Radek would never be entirely comfortable around water, and he would never learn how to swim, but he would never be drawn back to that moment again either -not even when McKay had found himself in unpleasantly similar circumstances and it had fallen to him to get his boss out. Radek had shaken off those chains of the past, just as Atlantis had freed herself of hers, and while she had become a human inhabited city that day, dwelling under the sun and sky, Radek had become a spaceship engineer.

Just as the Ancient city had come to life and shone under the sun's bright rays, Radek felt himself come alive, in ways he had not since he was a young man, as he immersed himself in the magnificent and elegant systems that it was now his job to decipher.

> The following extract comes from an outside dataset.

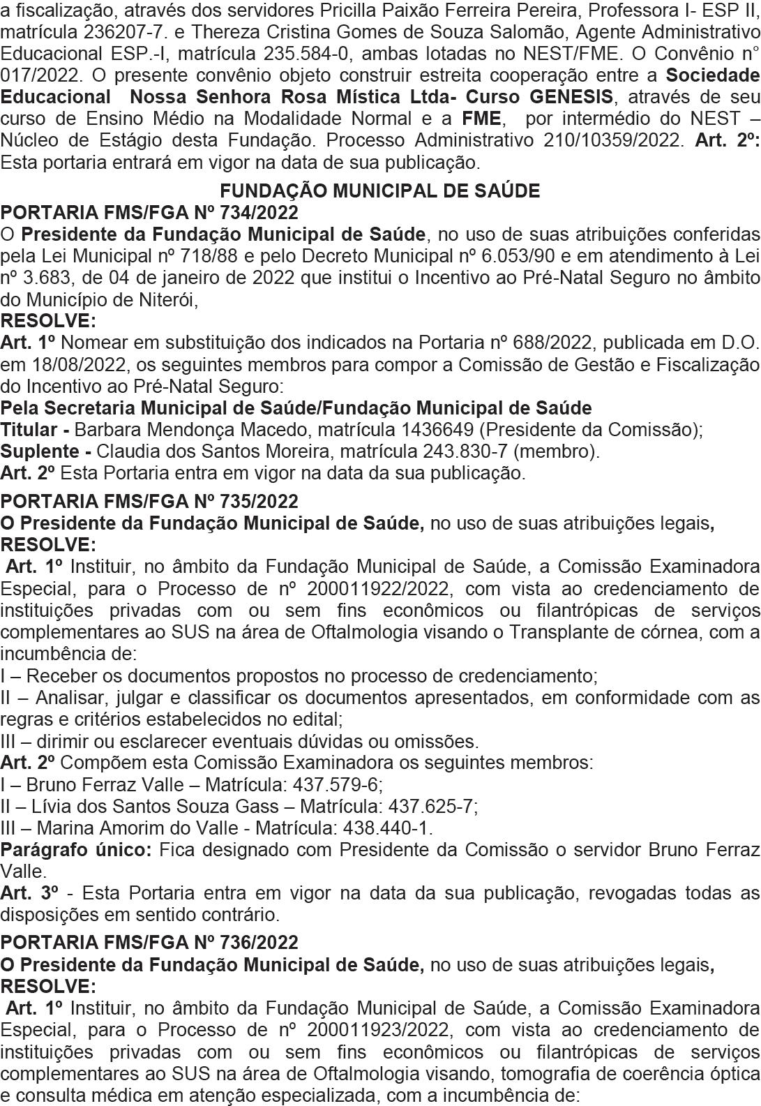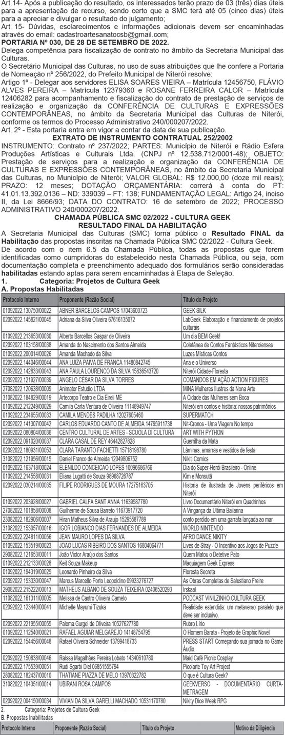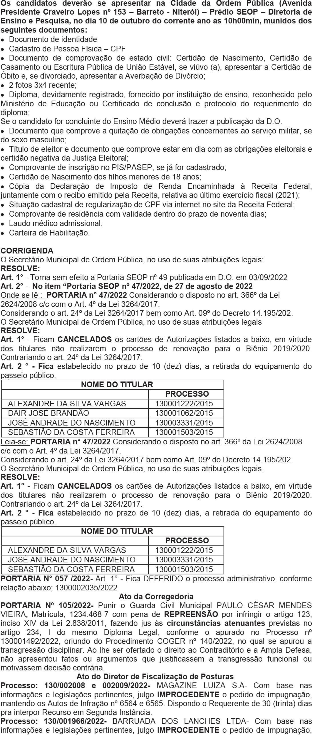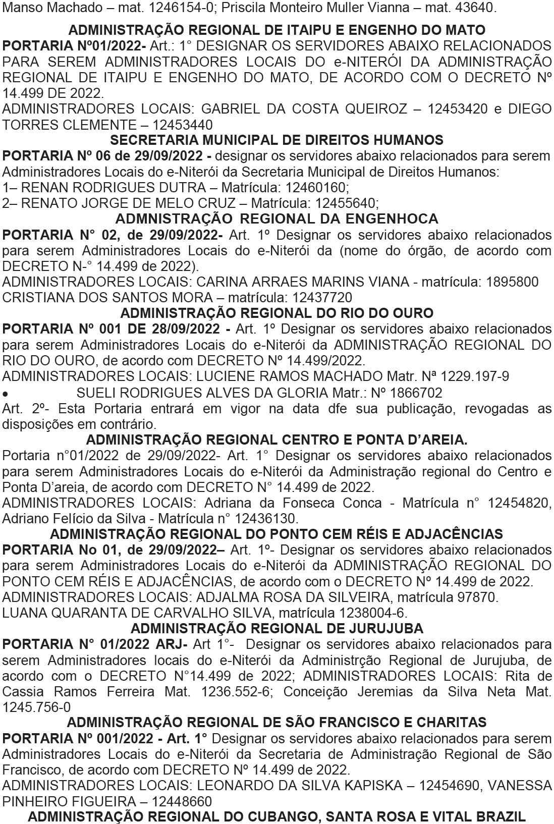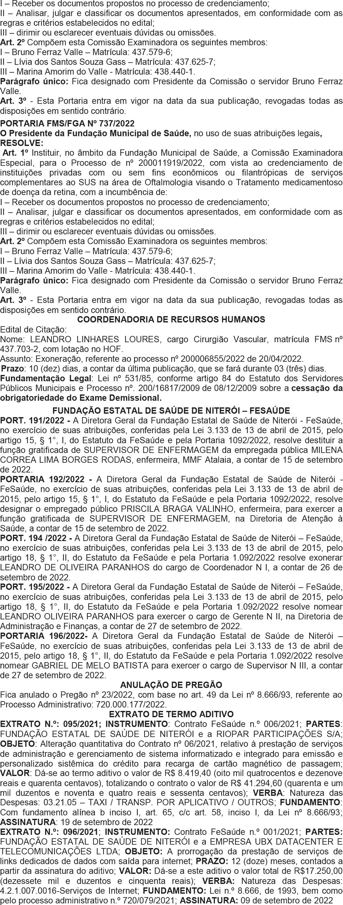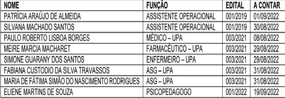 A Secretaria Municipal de Administração, no uso de suas atribuições legais, torna público a RESCISÃO dos convocados da Secretaria Municipal de Saúde, nos termos dos respectivos editais indicados, dos seguintes profissionais, conforme abaixo discriminado: Rio Bonito, 28 de setembro de 2022.

Atlantis had become his home, his life, and his salvation that day, and he'd known all of that by the time that first day ended.

It was a while before Radek realized the nature of the other gift he'd received on that day, though in the end it was nearly as important as all the others. Standing before that terrifying wall of water, and confessing their fears to one another, Dr. Rodney McKay and Dr. Radek Zelenka had begun a friendship that would mean more to both of them, perhaps even than the Ancient city who's secrets they would chase together. Thankfully, they were never made to choose.